Он опрометью бросился вон из грузового отсека. Таможенник следил за ним с сонным видом. Однако, едва шаги капитана затихли на лестнице, Реджинальд Квинт ожил. Он поспешно вернулся к ящику с бутылками и, с трудом оторвав его от пола, потащил к люку авторазгрузчика. Ящик цеплялся в узком проходе за каждый угол, Квинт тихо, но безобразно ругался. Наконец, он достиг цели, поместил ящик в кабину лифта и нажал кнопку. Кабина вместе с грузом бесшумно канула вниз.

Вернувшийся вскоре капитан застал таможенного чиновника все в том же полусонном состоянии у клетки с курами.

– Вот. Извольте удостовериться!

В правой руке Щетинин держал справку, а левую робко прятал за спиной.

– Давайте! – сурово произнес Квинт.

Родион протянул было ему справку, но таможенник так скривился, что капитан сразу все понял и подал то, что было в левой руке.

– Безделица, – смущенно пробормотал он ненужные уже, но, видимо, заранее приготовленные слова. – Сувенир. Не побрезгуйте принять…
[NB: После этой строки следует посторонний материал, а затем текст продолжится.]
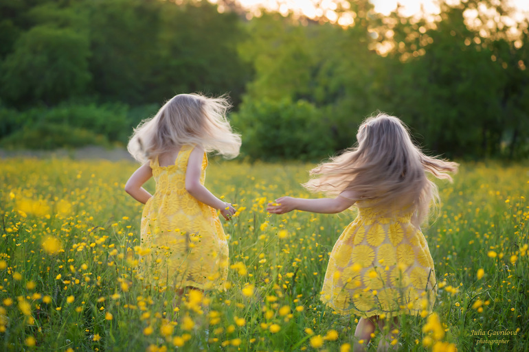 У нас девочки в осенних платьях. Я дочкам желтые платья шила еще летом, для фото в лютиках. Мы с детьми сделали отпечатки краской листиками, вырезали их. Я пришла к платье и сделала веночек из цветов. В следующий раз покажу фоточку. А платья вот эти

Квинт повертел в руках отливающий металлом цилиндрик, и глаза его, дотоле сонные, вдруг полезли из орбит. Приблизив цилиндрик к самому носу Щетинина, он свистящим шепотом спросил:

– Это что?!

Родион обмер.

«Не угодил!» – пронеслось в голове.

– Так ведь, ваше степенство… Как же… – начал он, плохо уже соображая. – Господь с вами… да я…

– Что это, я спрашиваю?! – заорал таможенник.

Родион и хотел, и боялся перекреститься.

– Фи… фи… фиксатор, – едва пролепетал он.

– Фиксатор! – лязгнул Квинт. – Так. Для чего?

– Для вас… для вашего степенства… А! – Родион, наконец, сообразил. – Это для запечатления. Навроде фотокарточки. Вот, дозвольте продемонстрировать.

Он вытянул на середину прохода небольшой бочонок с великопоповицким пивом и обрызгал его со всех сторон жидкостью из цилиндрика. В воздухе распространился слабый аромат не то уксуса, не то аммиака. Реджинальд Квинт поморщился.

– Готово! – сказал Родион и взял бочонок в руки.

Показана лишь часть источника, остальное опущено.